Our trigger tool methodology was beneficial in targeting medical records to identify AEs, with 74% of the records containing at least one AE or medical error. Currently, there is no standard methodology that effectively identifies AEs in hospitalized patients, although the design of a useful tool—either manual or electronic—has been an ongoing effort.18–20 By using components of the Harvard Medical Practice Study5,6,15 and trigger tool methodology,10–12 we were able to develop a process similar to the epidemiological surveillance model widely used in infection control.7 This model was chosen as a basis for our approach because of similarities in research objectives and focus.

It is known that events reported through voluntary incident reporting systems represent only a small fraction of all AEs and errors that occur.4,21–24 The reporting that does occur is sporadic and influenced by unpredictable factors.23 Our methodology was designed to detect events unlikely to be captured through our voluntary spontaneous incident reporting system or our retrospective administrative data mining efforts, such as the Agency for Healthcare Research and Quality Patient Safety Indicators. Without active surveillance, these events would not have been brought to light and made available for analysis.

Interventions to prevent or ameliorate harm

Active surveillance was an effective means both to capture previously unrecognized events and to reduce harm directly. The primary advantage of this approach is that it permits investigation of AEs during a patient’s stay in hospital at a time when care providers are available to supply important information that may not be documented in the medical record, and when the potential exists for errors to be corrected before patient harm occurs. Whenever a researcher discovered a situation having the potential to cause patient harm or causing ongoing harm, he/she would intervene by bringing the situation to the attention of the appropriate care provider. Interventions to prevent or mitigate patient harm at the time of record review were made in 47 (14%) of the 327 medical records reviewed.

Interventions were most frequently related to the incorrect prescribing of medications and to inconsistent or incorrect documentation of clinical information. For example, one intervention involved informing a nurse that an order to discontinue a patient’s vancomycin had been written 3 days previously, while the patient continued to receive the medication. Another involved a patient admitted to the hospital with a supratherapeutic INR. The physician ordered warfarin in the same dose as the patient reported taking before admission. The researcher discussed the order with the prescribing physician and the warfarin was put on hold. Although it is likely that some of the prescribing errors would have been detected by clinical pharmacists had they not been first discovered by the study’s researchers, the documentation errors were found only because a pair of well trained eyes were poring over the patient’s record; it is unlikely that they would have been otherwise recognized and corrected. Given the number of interventions made, the preventive and ameliorative potential of bringing ongoing discrepancies or errors to the attention of direct care givers is significant. Furthermore, researchers found that their comprehension of the etiology of errors and of the contribution of hospital systems to AEs and medical errors was significantly enhanced through communication with front line caregivers.

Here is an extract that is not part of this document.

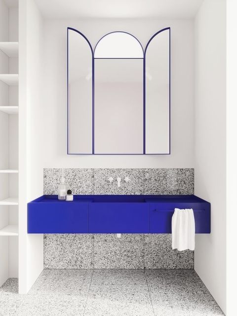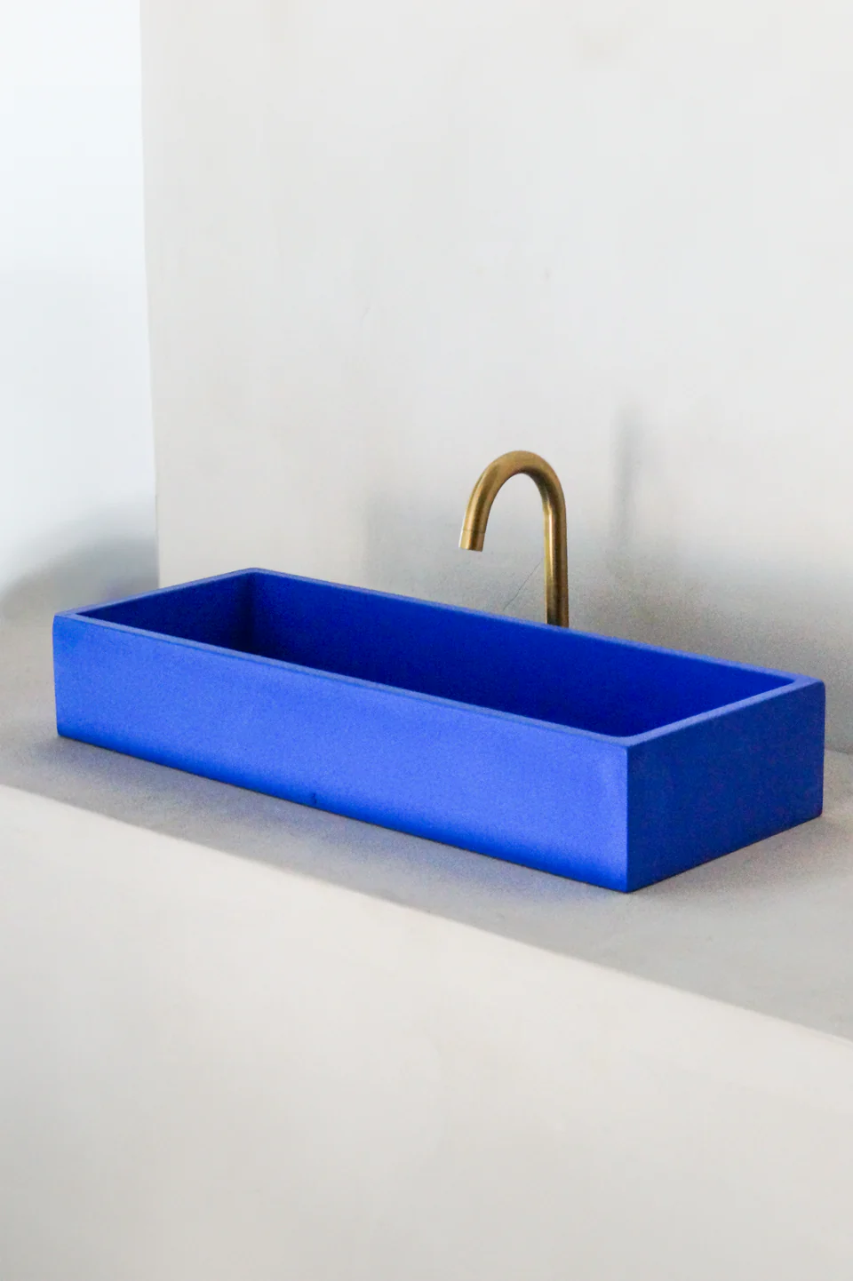 Un bleu franc, presque minéral, appliqué à une vasque en béton aux lignes simples. Ce qui frappe ici, c’est le contraste entre la matière brute et la couleur vibrante. La surface mate absorbe la lumière, adoucissant l’intensité du bleu. Une pièce forte, idéale dans une salle de bain épurée, associée à une robinetterie en laiton ou en inox brossé.

Use of the electronic medical record

During the time of the study the medical record was not fully electronic and did not permit text searches of progress notes or discharge summaries. However, electronic data from the laboratory and pharmacy—combined with up to date admission, discharge, and transfer data—permitted the accurate and efficient assignment of medical records for review.

Recent advances in the development and implementation of the electronic medical record suggest that detection of AEs using this technology will improve the efficacy and efficiency of AE detection. Recent reports20,25,26 describe the preliminary development of a system of free text searches for trigger words (a precursor to natural language processing) to screen electronically stored discharge summaries for the presence of AEs. While the specificity of this method is low, it holds promise as a productive use of electronic information. The use of automation to identify medical records with a high likelihood of containing an AE could significantly reduce the time and cost associated with these methodologies.25

A computerized AE detection tool that can identify a wide range of AEs would be an important advance in patient safety, and could be used by hospitals for the routine detection of AEs on an ongoing basis and in real time.22 Prospective detection of preventable AEs in medicine has been shown to be more effective than retrospective detection,27 and the use of electronic triggers can facilitate this process. This approach has been recommended with a call for data collection that is concurrent rather than retrospective.3

Extension of knowledge beyond the scope of events identified through voluntary incident reporting

The importance of having a valid and thorough understanding of the types of AEs that occur within an institution cannot be overestimated. Yet many institutions rely solely on the information obtained through voluntary incident reporting systems as a basis for quality improvement efforts. The use of these systems has limited utility; providers frequently do not voluntarily report AEs and errors because they do not recognize that an AE has occurred, they do not have the time, they are concerned about litigation, or they are worried about their reputation.23,28 Thus, certain types of incidents are significantly under-reported in voluntary reporting systems.23,29 Incident reporting will only be improved when providers understand the types of incidents that need to be reported, when they work in a non-punitive culture, and when reporting is quick and easy to accomplish. While voluntary incident reporting is likely to remain an important part of institutions’ ongoing quality operations, it is unlikely that it alone will ever provide a thorough picture of all AEs and medical errors that occur within any healthcare institution. Supplementing this information with events detected by active surveillance will provide a more complete portrait of the types of events that occur and of the actions which must be taken to prevent their recurrence.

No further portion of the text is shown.